Illustration 6: Dan and Betty live abroad and file separate income tax returns. Betty isn't a specified individual. On the last day of the tax year, Betty and Dan jointly own a specified foreign financial asset with a value of $150,000. Betty has a separate interest in a specified foreign financial asset with a value of $10,000, while Dan has a separate interest in a specified foreign financial asset with a value of $60,000. Held: Dan has to file Form 8938 but Betty, who isn't a specified individual, doesn't. Dan has an interest in specified foreign financial assets in the amount of $210,000 on the last day of the tax year—i.e., $150,000, the entire value of the asset that he jointly owns, + $60,000, the entire value of the asset that he separately owns). He satisfies the reporting threshold for a married individual living abroad and filing a separate return of more than $200,000 on the last day of the tax year. (Instructions for Form 8938, page 3)

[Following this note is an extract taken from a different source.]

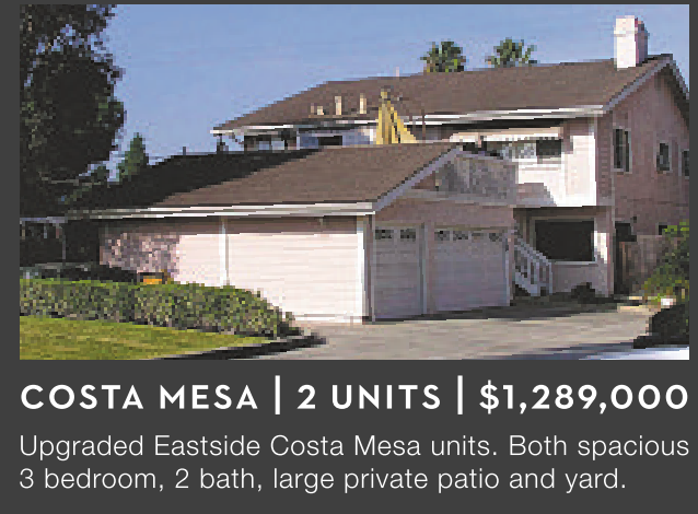 Upgraded Eastside Costa Mesa units. Both spacious 3 bedroom, 2 bath, large private patio and yard.

• A married taxpayer who files a joint income tax return satisfies the reporting threshold only if the total value of all specified foreign financial assets he or his spouse owns is more than $400,000 on the last day of the tax year or more than $600,000 at any time during the tax year.

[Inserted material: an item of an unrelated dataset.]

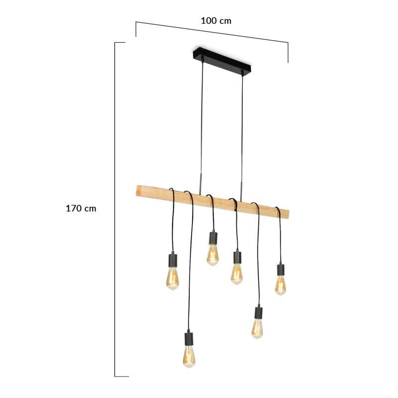 Suspension Metal Et Bois 6 Ampoules Design Industriel

Form 8938, Statement of Specified Foreign Financial Assets (Nov. 2011) can be viewed on the IRS website at http://www.irs.gov/pub/irs-pdf/f8938.pdf. The Instructions for Form 8938 (Nov. 2011) can be viewed at http://www.irs.gov/pub/irs-pdf/i8938.pdf.
RIA Research References: For reporting requirement for individuals with foreign assets, see FTC 2d/FIN ¶ S-3650.1; United States Tax Reporter ¶ 60,38D4; TaxDesk ¶ 815,516.